» PROBLEM DETAILS:
Using the data below, print exactly the line with "Aussi aride et", the line with "Pada Hari Rabu, 17", and every line between them, but none of the pictures.

*** DATASET ENTRIES

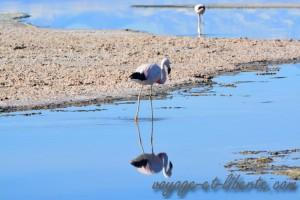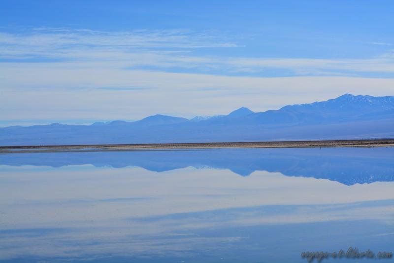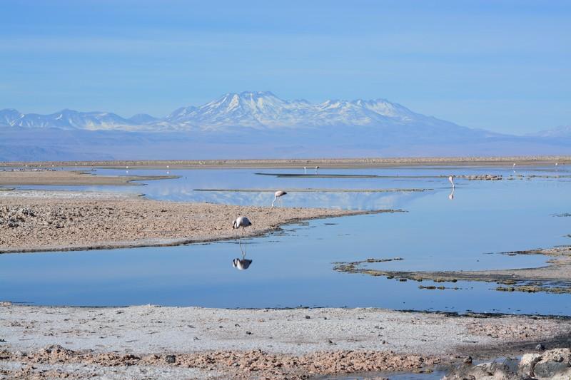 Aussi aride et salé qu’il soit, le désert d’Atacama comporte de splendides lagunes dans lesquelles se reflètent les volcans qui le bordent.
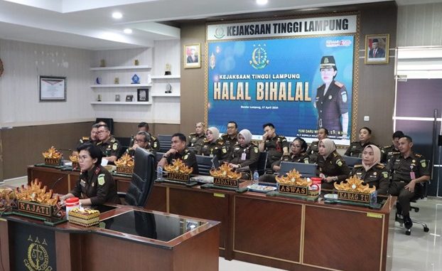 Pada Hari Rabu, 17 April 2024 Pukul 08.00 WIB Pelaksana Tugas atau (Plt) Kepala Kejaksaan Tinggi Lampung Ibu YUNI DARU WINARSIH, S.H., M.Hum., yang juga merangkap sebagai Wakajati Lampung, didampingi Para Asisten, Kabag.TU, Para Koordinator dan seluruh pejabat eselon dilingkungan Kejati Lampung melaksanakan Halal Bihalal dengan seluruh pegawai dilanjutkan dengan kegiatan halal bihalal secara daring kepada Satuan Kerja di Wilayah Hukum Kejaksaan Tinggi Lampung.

******
*** DATASET ENTRIES

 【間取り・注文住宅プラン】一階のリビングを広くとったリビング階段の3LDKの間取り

******
*** DATASET ENTRIES

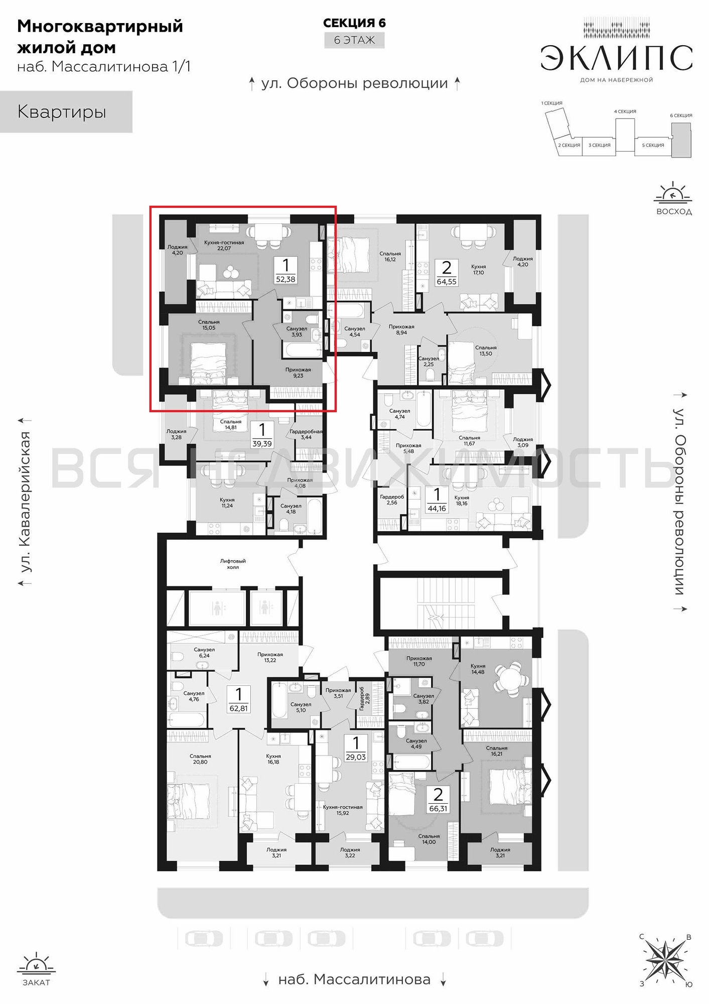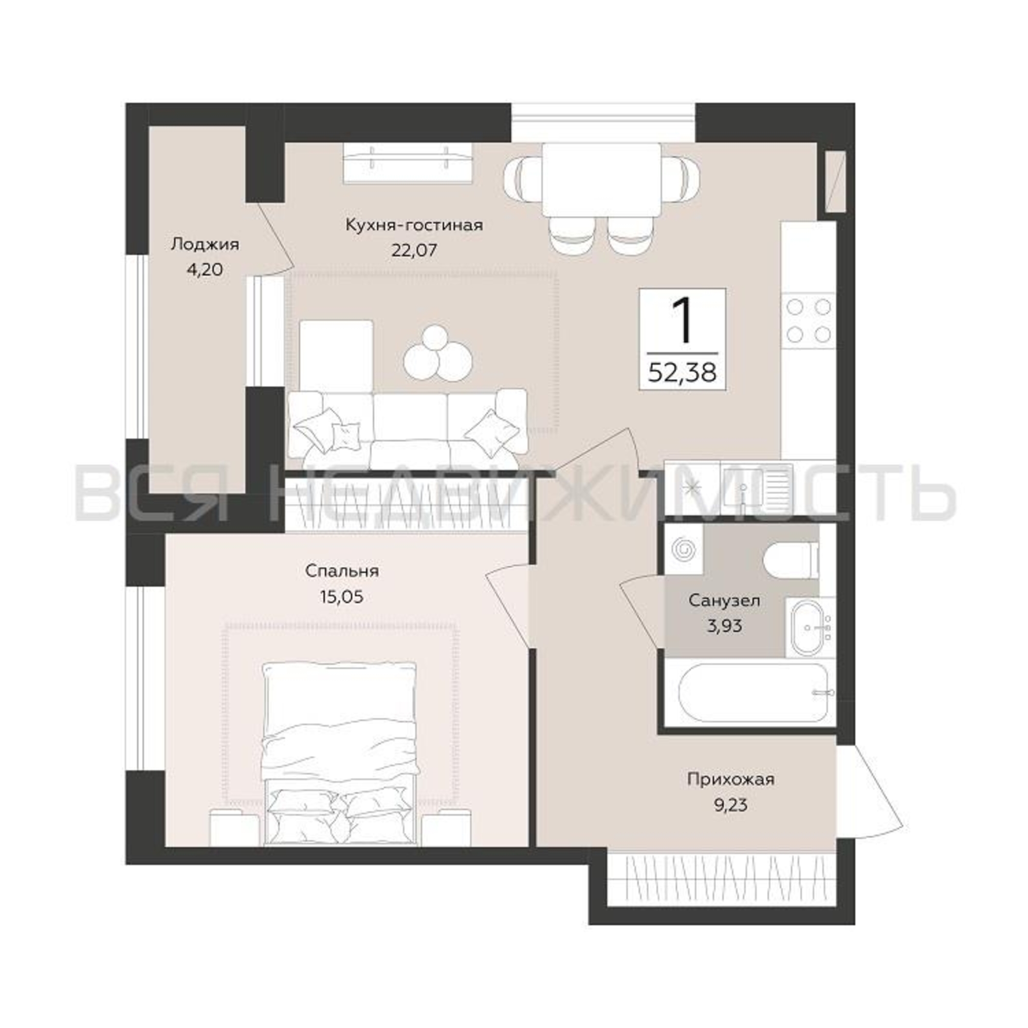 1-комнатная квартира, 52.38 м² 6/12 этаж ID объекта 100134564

******

» SOLUTION BELOW:
 Aussi aride et salé qu’il soit, le désert d’Atacama comporte de splendides lagunes dans lesquelles se reflètent les volcans qui le bordent.
 Pada Hari Rabu, 17 April 2024 Pukul 08.00 WIB Pelaksana Tugas atau (Plt) Kepala Kejaksaan Tinggi Lampung Ibu YUNI DARU WINARSIH, S.H., M.Hum., yang juga merangkap sebagai Wakajati Lampung, didampingi Para Asisten, Kabag.TU, Para Koordinator dan seluruh pejabat eselon dilingkungan Kejati Lampung melaksanakan Halal Bihalal dengan seluruh pegawai dilanjutkan dengan kegiatan halal bihalal secara daring kepada Satuan Kerja di Wilayah Hukum Kejaksaan Tinggi Lampung.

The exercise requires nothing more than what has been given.